A string containing the URL.

get_files(base_sensor: str, split: str, input_data: str | List[str], geometry: str, domain: str = 'conus', subset: str = 'xl', data_path: str | Path | None = None, download: bool = True) Dict[str, List[Path]][source]

Get files in SatRain dataset.

Parameters:
  • base_sensor – The base sensor of the dataset.

  • split – Which split of the data to get (training, validation, testing).

  • input_data – List of the input data sources (‘gmi’, ‘atms’, ‘geo’, ‘geo_t’, ‘geo_ir’, ‘geo_ir_t’, ‘ancillary’)

  • geometry – For which retrieval geometry to download the data.

  • domain – Name of the domain for the testing data (‘austria’, ‘conus’, ‘korea’)

  • subset – The subset to download (xs, s, m, l, xl).

  • data_path – Optional path pointing to the path to store the data.

  • download – Download missing data.

Returns:

A dictionary listing locally available files for each input data source and the target data.

get_files_in_dataset(dataset_name: str) Dict[str, Any][source]

Lists all available files for a given dataset.

Parameters:

dataset_name – The name of the dataset, i.e., ‘satrain’ for the Satellite Rain Estimation and Detection (SatRain) benchmar dataset.

Returns:

A nested dictionary containing all files in the dataset.

get_local_files(dataset_name: str, base_sensor: str, geometry: str, split: str, subset: str = 'xl', domain: str = 'conus', relative_to: Path | None = None, data_path: Path | None = None, check_consistency: bool = True) Dict[str, Path][source]

Get all locally available files.

Parameters:
  • base_sensor – The name of the referene sensor.

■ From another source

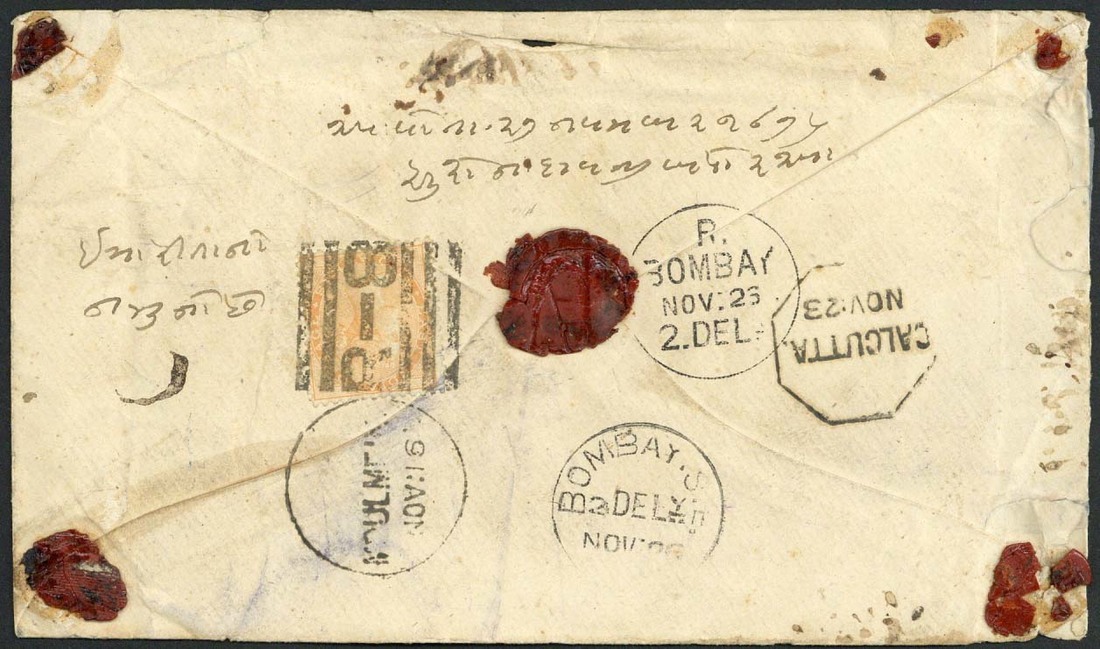 1878 c. (16 Nov.) envelope (small faults) to Bombay bearing, on reverse, De La Rue 2a. orange clearly tied by "moulmein/r-8" and showing Calcutta and arrival datestamps alongside

  • geometry – The viewing geometry.

  • split – The split name.

  • subset – The subset name (only relevant for training and validation splits).

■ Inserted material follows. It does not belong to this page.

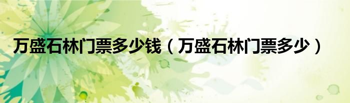 万盛石林门票多少钱(万盛石林门票多少)

  • domain – The domain name (only relevant for testing split).

  • relative_to – If given, file paths will be relative to the given path rather than absolute.

  • data_path – The root directory containing IPWG data.

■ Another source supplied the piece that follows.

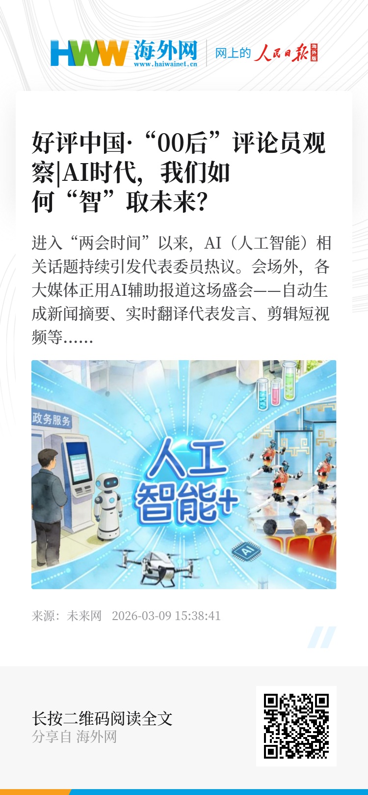 AI可以帮我们检索资料,但不能替我们思考;可以帮我们生成画面,但不能替我们感受。今年全国两会为AI高质量发展和高水平安全进一步划定方向、筑牢防线,正是要让技术向善、让发展更有序。与AI一同成长,我们应保持清醒、守住本心,把AI用成“翅膀”,而非“拐杖”。正如刘庆峰代表在接受中国少年报·未来网小记者提问时所言,AI时代更要找到内心的热爱。

  • check_consitency – Whether or not to check consistency of the found files.

Returns:

A dictionary mapping data source names to the corresponding files.

list_local_files() Dict[str, Any][source]

List available SatRain files.

list_local_files_rec(path: Path) Dict[str, Any][source]

Recursive listing of SatRain data files.

Parameters:

path – A path pointing to a directory containing SatRain files.

Returns:

A dictionary containing all sub-directories

load_json_maybe_gzipped(path: Path)[source]

Loads a JSON file, handling both plain and gzipped (.gz) files.

Parameters:

path – A Path object pointing to the file to read.

Returns:

The deserialized Python object.

load_tabular_data(dataset_name: str, base_sensor: str, geometry: str, split: str, subset: str, retrieval_input: List[str | Dict[str, Any] | InputConfig], target_config: TargetConfig | None = None, data_path: Path | None = None)[source]

Load data in tabular format.

Parameters:
  • dataset_name – The name of the dataset.

  • base_sensor – The base sensor.

  • geometry – The geometry, i.e., ‘on_swath’ or ‘gridded’.

  • split – Training or validation.

  • subset – The subset: ‘xs’, ‘s’, ‘m’, ‘l’, ‘xl’

  • retrieval_input – A list specifying the retrieval input.

  • target_config – A config dict or object defining the target data configuration.

  • data_path – Optional path pointing to the local data path.

Returns:

A tuple input_data, target with input_data being a dictionary containing the retrieval input as separate xarray.Datasets and target containing the target data.

progress_bar_or_not(progress_bar: bool) Progress | None[source]

Context manager for a optional progress bar.